BEGIN
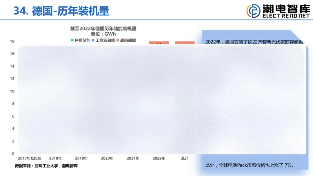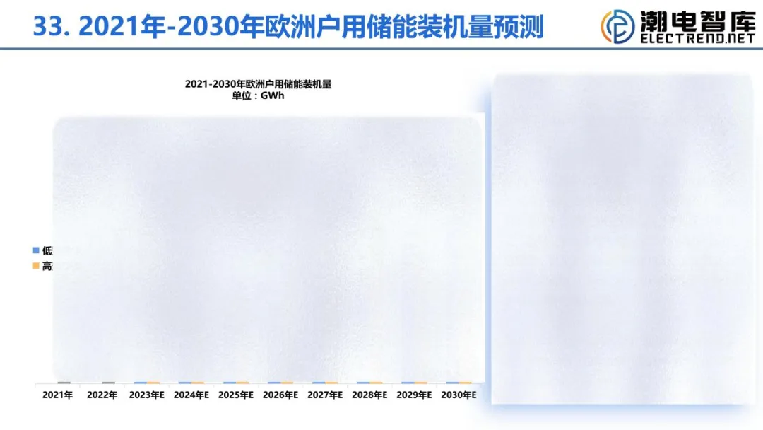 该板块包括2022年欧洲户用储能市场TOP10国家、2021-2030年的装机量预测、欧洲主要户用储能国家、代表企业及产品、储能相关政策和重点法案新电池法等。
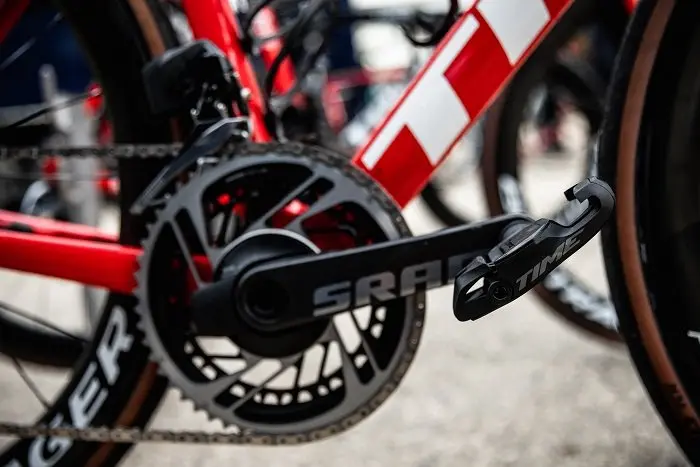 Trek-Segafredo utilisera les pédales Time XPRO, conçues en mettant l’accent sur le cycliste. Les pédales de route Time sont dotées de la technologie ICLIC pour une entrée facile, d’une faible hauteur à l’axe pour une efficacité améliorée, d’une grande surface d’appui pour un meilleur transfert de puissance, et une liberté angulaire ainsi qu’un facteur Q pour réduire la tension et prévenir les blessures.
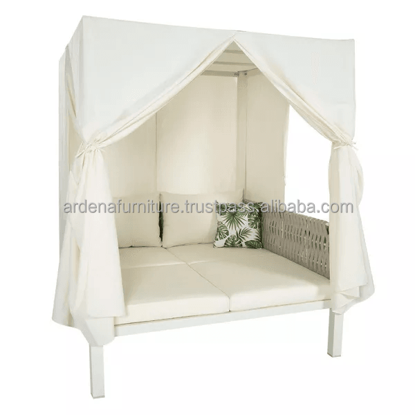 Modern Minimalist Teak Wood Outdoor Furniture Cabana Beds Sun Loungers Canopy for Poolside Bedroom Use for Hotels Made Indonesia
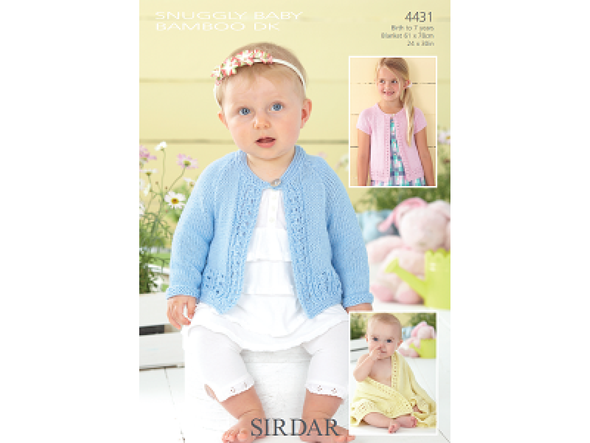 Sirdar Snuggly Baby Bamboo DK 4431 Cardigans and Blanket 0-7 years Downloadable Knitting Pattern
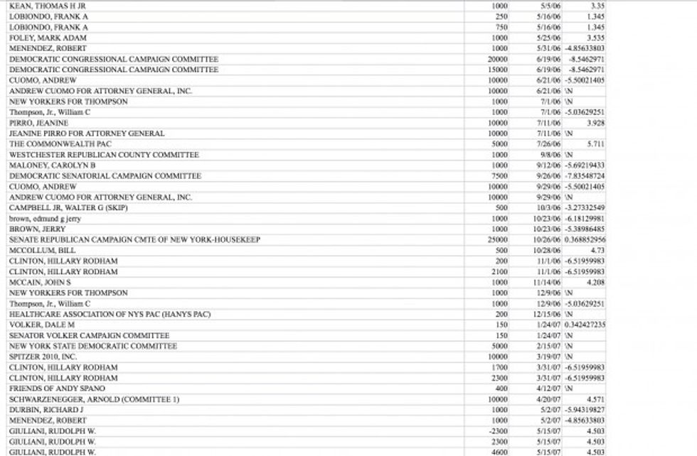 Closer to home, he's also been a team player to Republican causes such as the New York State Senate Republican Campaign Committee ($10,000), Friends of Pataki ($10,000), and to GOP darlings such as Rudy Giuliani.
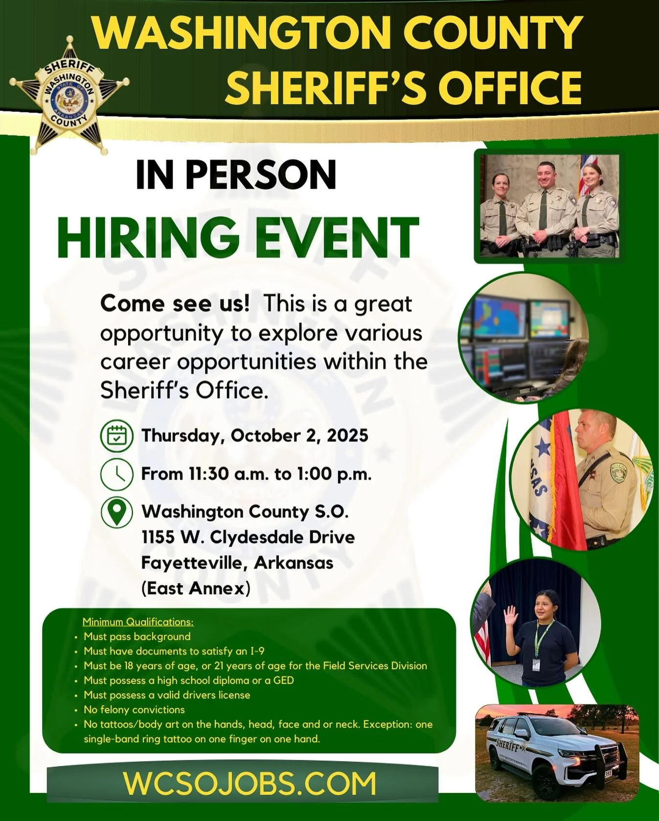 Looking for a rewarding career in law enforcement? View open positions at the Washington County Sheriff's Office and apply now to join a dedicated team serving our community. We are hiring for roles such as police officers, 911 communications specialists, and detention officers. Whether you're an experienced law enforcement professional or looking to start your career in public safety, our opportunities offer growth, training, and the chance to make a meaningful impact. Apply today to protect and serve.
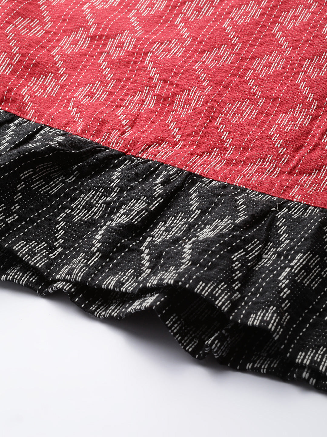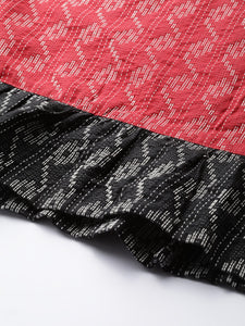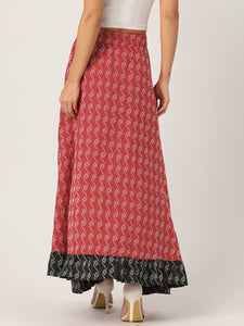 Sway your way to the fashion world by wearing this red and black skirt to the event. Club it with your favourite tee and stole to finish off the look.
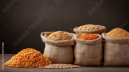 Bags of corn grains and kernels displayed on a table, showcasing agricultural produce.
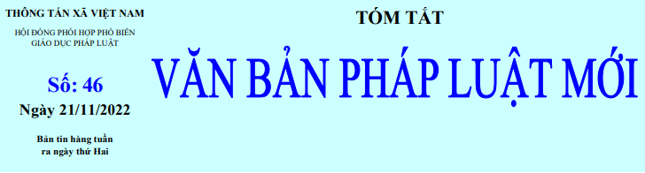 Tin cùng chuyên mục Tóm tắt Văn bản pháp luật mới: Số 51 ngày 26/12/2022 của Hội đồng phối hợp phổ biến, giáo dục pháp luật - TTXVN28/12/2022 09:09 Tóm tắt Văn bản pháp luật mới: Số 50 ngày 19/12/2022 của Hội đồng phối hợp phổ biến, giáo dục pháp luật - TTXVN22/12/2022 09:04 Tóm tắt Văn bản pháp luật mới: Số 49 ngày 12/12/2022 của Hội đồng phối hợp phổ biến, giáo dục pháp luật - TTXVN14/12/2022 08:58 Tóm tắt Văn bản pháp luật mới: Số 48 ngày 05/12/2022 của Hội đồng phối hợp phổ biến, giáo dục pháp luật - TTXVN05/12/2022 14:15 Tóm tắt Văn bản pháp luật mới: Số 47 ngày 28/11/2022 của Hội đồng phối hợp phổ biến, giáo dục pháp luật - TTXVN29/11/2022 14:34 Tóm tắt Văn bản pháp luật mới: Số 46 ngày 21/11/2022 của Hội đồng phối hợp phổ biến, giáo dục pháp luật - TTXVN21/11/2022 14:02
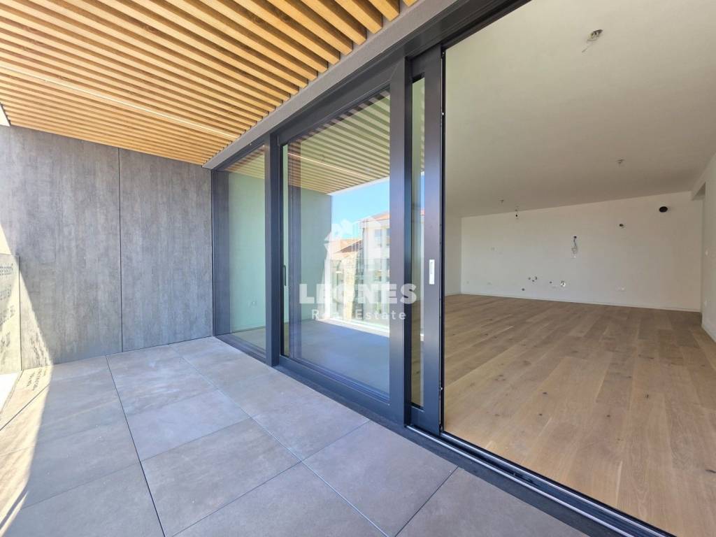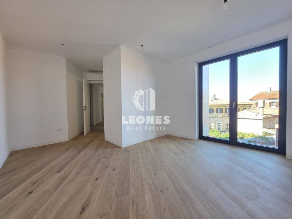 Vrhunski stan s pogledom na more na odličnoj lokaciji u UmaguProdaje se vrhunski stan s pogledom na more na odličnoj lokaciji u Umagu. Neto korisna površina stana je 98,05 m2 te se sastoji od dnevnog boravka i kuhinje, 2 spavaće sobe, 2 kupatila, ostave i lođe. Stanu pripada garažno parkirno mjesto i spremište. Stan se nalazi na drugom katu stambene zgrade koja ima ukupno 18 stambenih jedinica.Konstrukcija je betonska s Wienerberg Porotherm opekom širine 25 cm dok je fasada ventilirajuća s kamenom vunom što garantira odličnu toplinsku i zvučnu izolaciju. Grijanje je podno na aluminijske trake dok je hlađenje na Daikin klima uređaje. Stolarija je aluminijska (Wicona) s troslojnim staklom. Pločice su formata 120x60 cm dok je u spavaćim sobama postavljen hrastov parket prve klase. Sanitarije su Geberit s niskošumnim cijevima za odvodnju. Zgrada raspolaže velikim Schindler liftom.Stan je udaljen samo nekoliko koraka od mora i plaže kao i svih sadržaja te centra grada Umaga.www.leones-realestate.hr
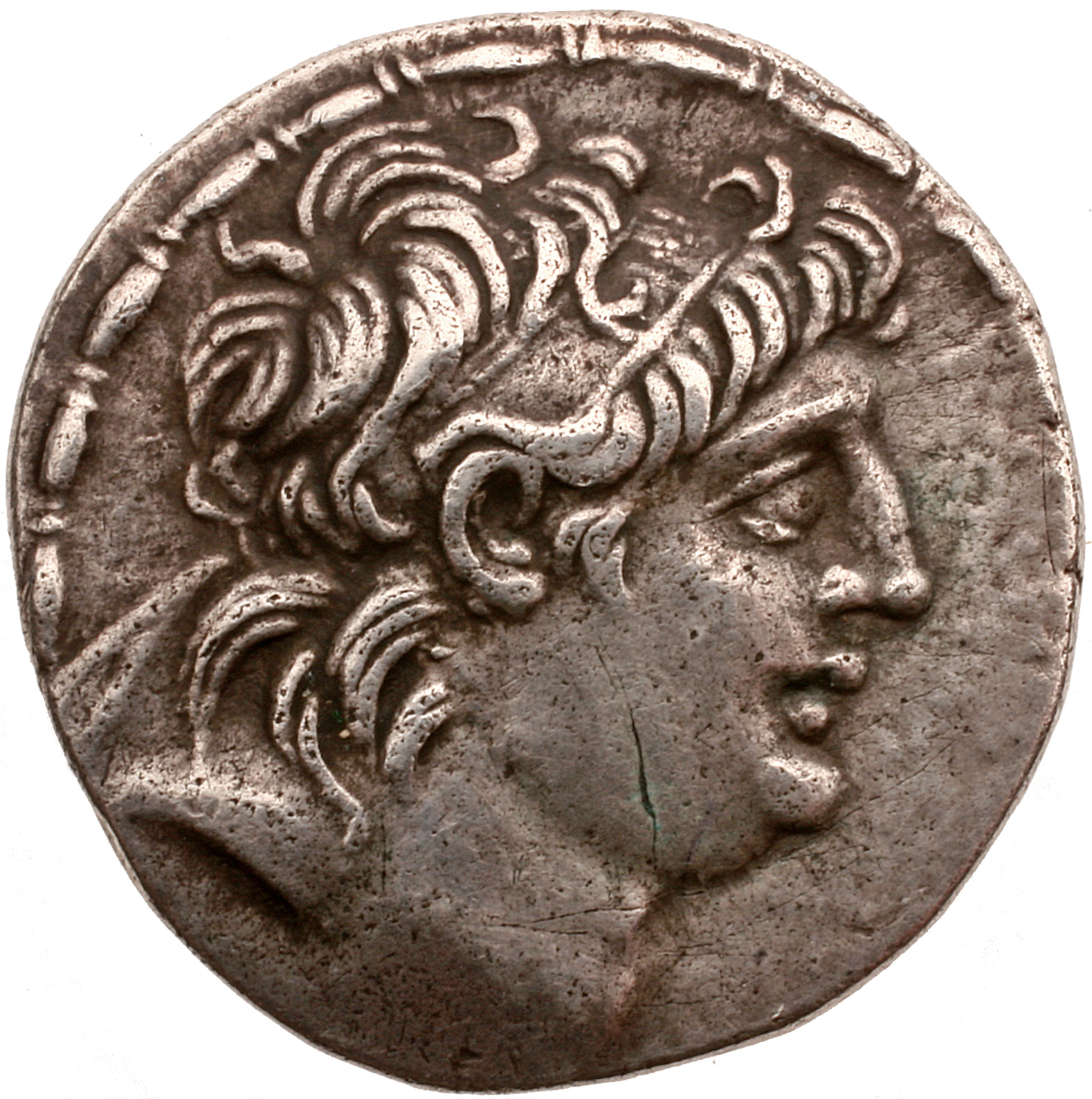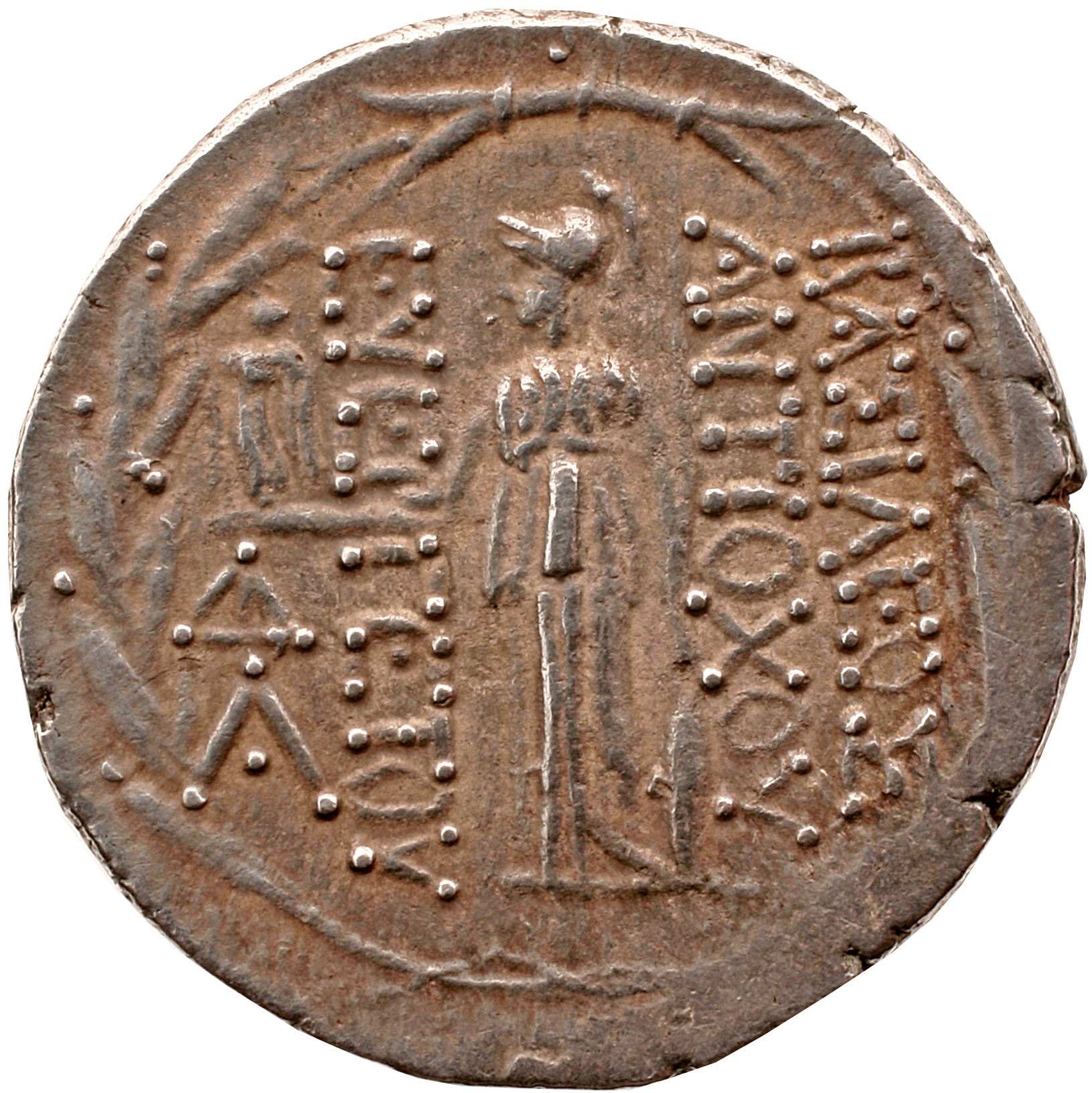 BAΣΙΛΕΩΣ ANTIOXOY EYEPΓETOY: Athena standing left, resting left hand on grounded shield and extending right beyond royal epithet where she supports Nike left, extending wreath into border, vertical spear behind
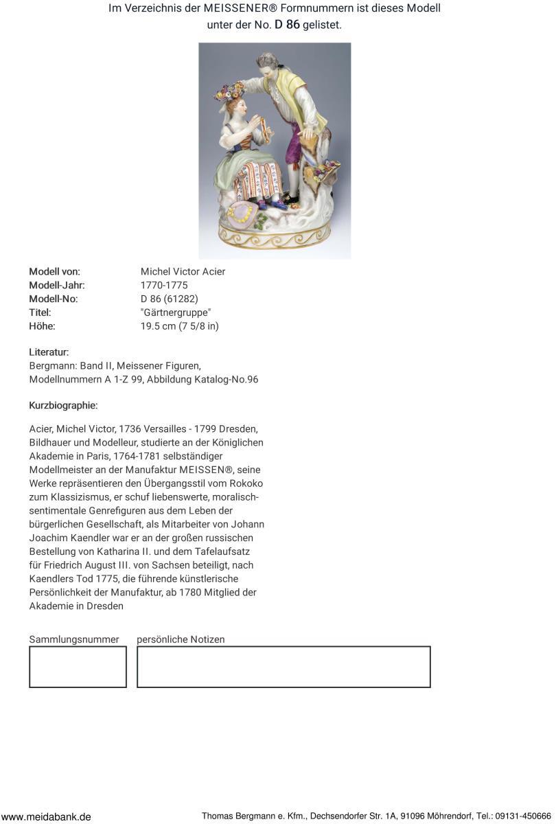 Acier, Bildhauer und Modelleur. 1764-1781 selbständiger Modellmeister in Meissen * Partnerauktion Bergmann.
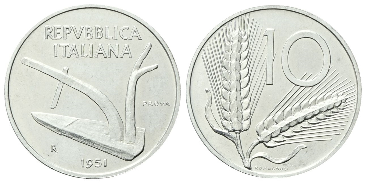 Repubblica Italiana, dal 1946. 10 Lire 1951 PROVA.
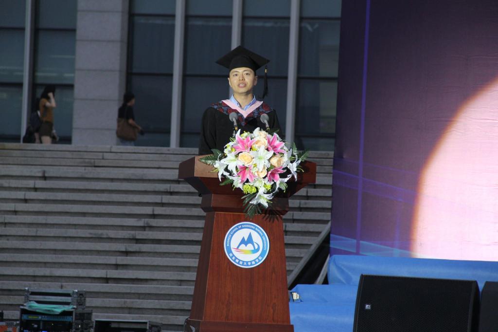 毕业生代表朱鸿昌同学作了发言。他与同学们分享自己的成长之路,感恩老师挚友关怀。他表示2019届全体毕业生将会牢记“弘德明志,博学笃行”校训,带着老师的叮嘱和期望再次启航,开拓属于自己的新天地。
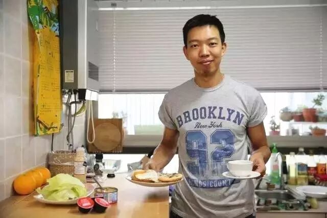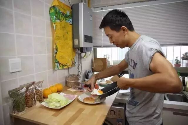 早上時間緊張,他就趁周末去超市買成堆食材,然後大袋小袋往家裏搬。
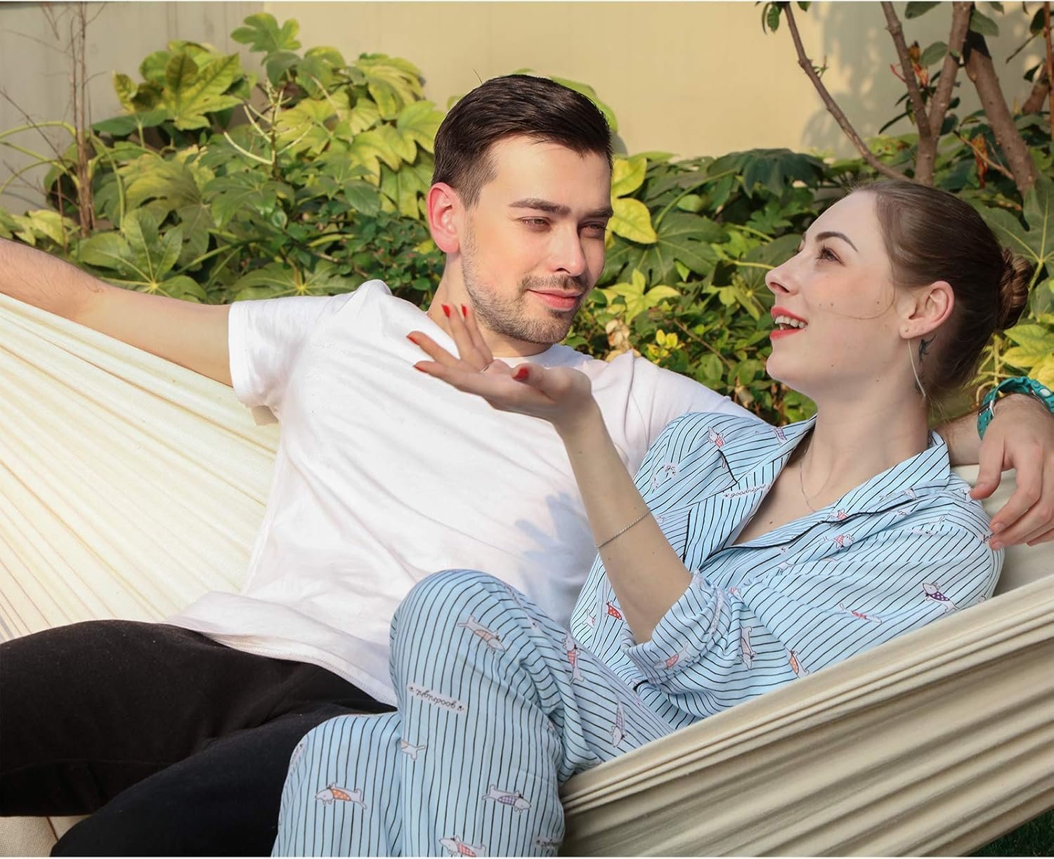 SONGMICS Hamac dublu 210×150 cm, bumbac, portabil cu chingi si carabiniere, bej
END
TASK BRIEF
Nothing but the lines from the one containing "Bags of corn" through the one containing "BAΣΙΛΕΩΣ ANTIOXOY EYEPΓETOY: Athena" should appear, copied exactly from the material above and without pictures.

SOLUTION
 Bags of corn grains and kernels displayed on a table, showcasing agricultural produce.
 Tin cùng chuyên mục Tóm tắt Văn bản pháp luật mới: Số 51 ngày 26/12/2022 của Hội đồng phối hợp phổ biến, giáo dục pháp luật - TTXVN28/12/2022 09:09 Tóm tắt Văn bản pháp luật mới: Số 50 ngày 19/12/2022 của Hội đồng phối hợp phổ biến, giáo dục pháp luật - TTXVN22/12/2022 09:04 Tóm tắt Văn bản pháp luật mới: Số 49 ngày 12/12/2022 của Hội đồng phối hợp phổ biến, giáo dục pháp luật - TTXVN14/12/2022 08:58 Tóm tắt Văn bản pháp luật mới: Số 48 ngày 05/12/2022 của Hội đồng phối hợp phổ biến, giáo dục pháp luật - TTXVN05/12/2022 14:15 Tóm tắt Văn bản pháp luật mới: Số 47 ngày 28/11/2022 của Hội đồng phối hợp phổ biến, giáo dục pháp luật - TTXVN29/11/2022 14:34 Tóm tắt Văn bản pháp luật mới: Số 46 ngày 21/11/2022 của Hội đồng phối hợp phổ biến, giáo dục pháp luật - TTXVN21/11/2022 14:02
 Vrhunski stan s pogledom na more na odličnoj lokaciji u UmaguProdaje se vrhunski stan s pogledom na more na odličnoj lokaciji u Umagu. Neto korisna površina stana je 98,05 m2 te se sastoji od dnevnog boravka i kuhinje, 2 spavaće sobe, 2 kupatila, ostave i lođe. Stanu pripada garažno parkirno mjesto i spremište. Stan se nalazi na drugom katu stambene zgrade koja ima ukupno 18 stambenih jedinica.Konstrukcija je betonska s Wienerberg Porotherm opekom širine 25 cm dok je fasada ventilirajuća s kamenom vunom što garantira odličnu toplinsku i zvučnu izolaciju. Grijanje je podno na aluminijske trake dok je hlađenje na Daikin klima uređaje. Stolarija je aluminijska (Wicona) s troslojnim staklom. Pločice su formata 120x60 cm dok je u spavaćim sobama postavljen hrastov parket prve klase. Sanitarije su Geberit s niskošumnim cijevima za odvodnju. Zgrada raspolaže velikim Schindler liftom.Stan je udaljen samo nekoliko koraka od mora i plaže kao i svih sadržaja te centra grada Umaga.www.leones-realestate.hr
 BAΣΙΛΕΩΣ ANTIOXOY EYEPΓETOY: Athena standing left, resting left hand on grounded shield and extending right beyond royal epithet where she supports Nike left, extending wreath into border, vertical spear behind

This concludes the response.